Good Structure is Vital
To help the reader follow your reasoning, it is critical to structure your writing well
Sometimes when I first read an article submitted to me as editor for Japan Harvest, I find it confusing. This can be because the subject matter is difficult or the writer hasn’t started well, but often it is because there are structural problems.
Good structure is important, even in a short piece of writing. You need to lead your readers through your article smoothly, without jerking them from topic to topic. Information should be given to your readers as they need it.
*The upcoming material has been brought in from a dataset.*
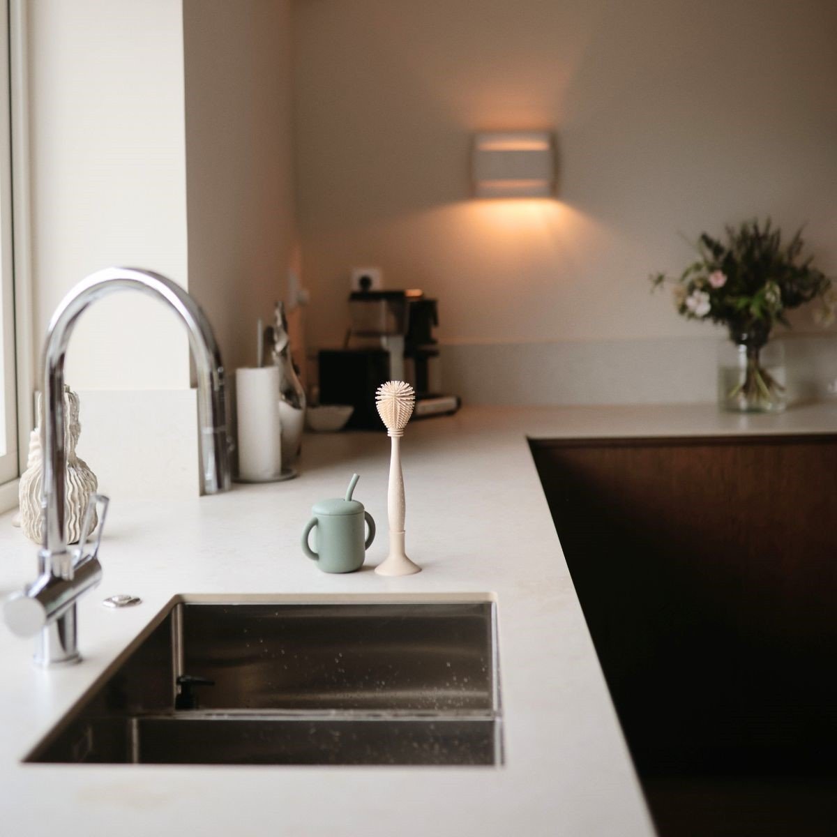 Wszechstronna szczotka do butelek jest również idealna do czyszczenia butelek na wodę i kubków niekapków, gdy Twoje dziecko rośnie.
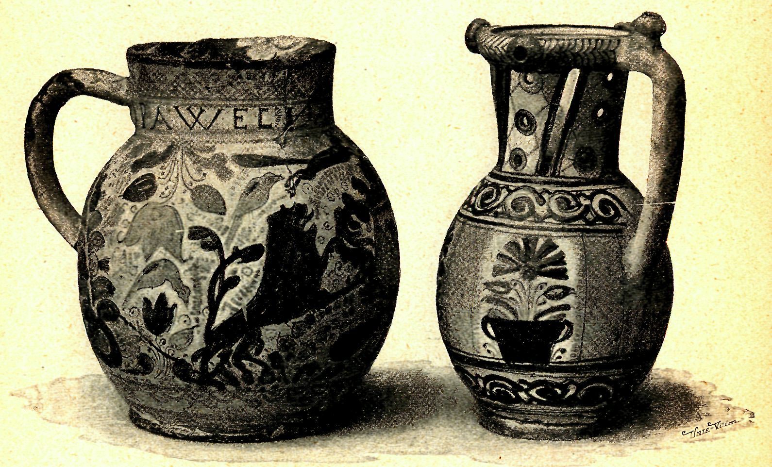 Džbány v knížecí sbírce v Třeboni. (Mareš-Sedláček, Soupis X. 80.)

One sign of bad structure is lots of brackets, dashes, and asides that should have been presented earlier.
Throughout an article, use transition words like “in addition”, “besides”, “however”, “despite”, and “though”. These link your sentences and paragraphs together and give your work structure.
There are different types of structure you can use. Chronological is the most common and easiest. Depending on your topic, step-by-step is another way to give logical progression to your work. Newspapers use an inverted pyramid approach, where they give the most important information at the top but often don’t have a satisfying conclusion. You can write from general to specific, or you can frame your work with anecdotes at the beginning and end. Comparison, pros and cons, or cause and effect also can be used to structure an article.
Before starting to write an article, ask yourself these questions about structure:
- What type of structure fits my topic?
- What is my main idea?
- Are there sub-ideas that flow logically from the main idea?
- How are the ideas connected?
- What conclusion do I want to lead my readers to?
Some questions to ask yourself after you’ve written something include:
- Does it have a clear beginning, middle, and end?
- Are the ideas and actions connected to each other?
- Is there a logical progression from beginning to end?
- Does it feel finished?
- Does it feel jerky?
Here is a piece of advice that may inspire you: consider rewarding your reader in the middle of your piece of writing. Place “gold coins” along the way. Anything that rewards the reader is a gold coin: a small anecdote, a startling fact, or a telling quote. After all, “The easiest thing for a reader to do,” argued famed editor Barney Kilgore, “is to quit reading.”1
Thoughtful writers look after their readers by minding the structure of their writing.
1. Roy Peter Clark, Writing Tools: 50 Essential Strategies for Every Writer (New York, Little, Brown and Company, 2006), 156.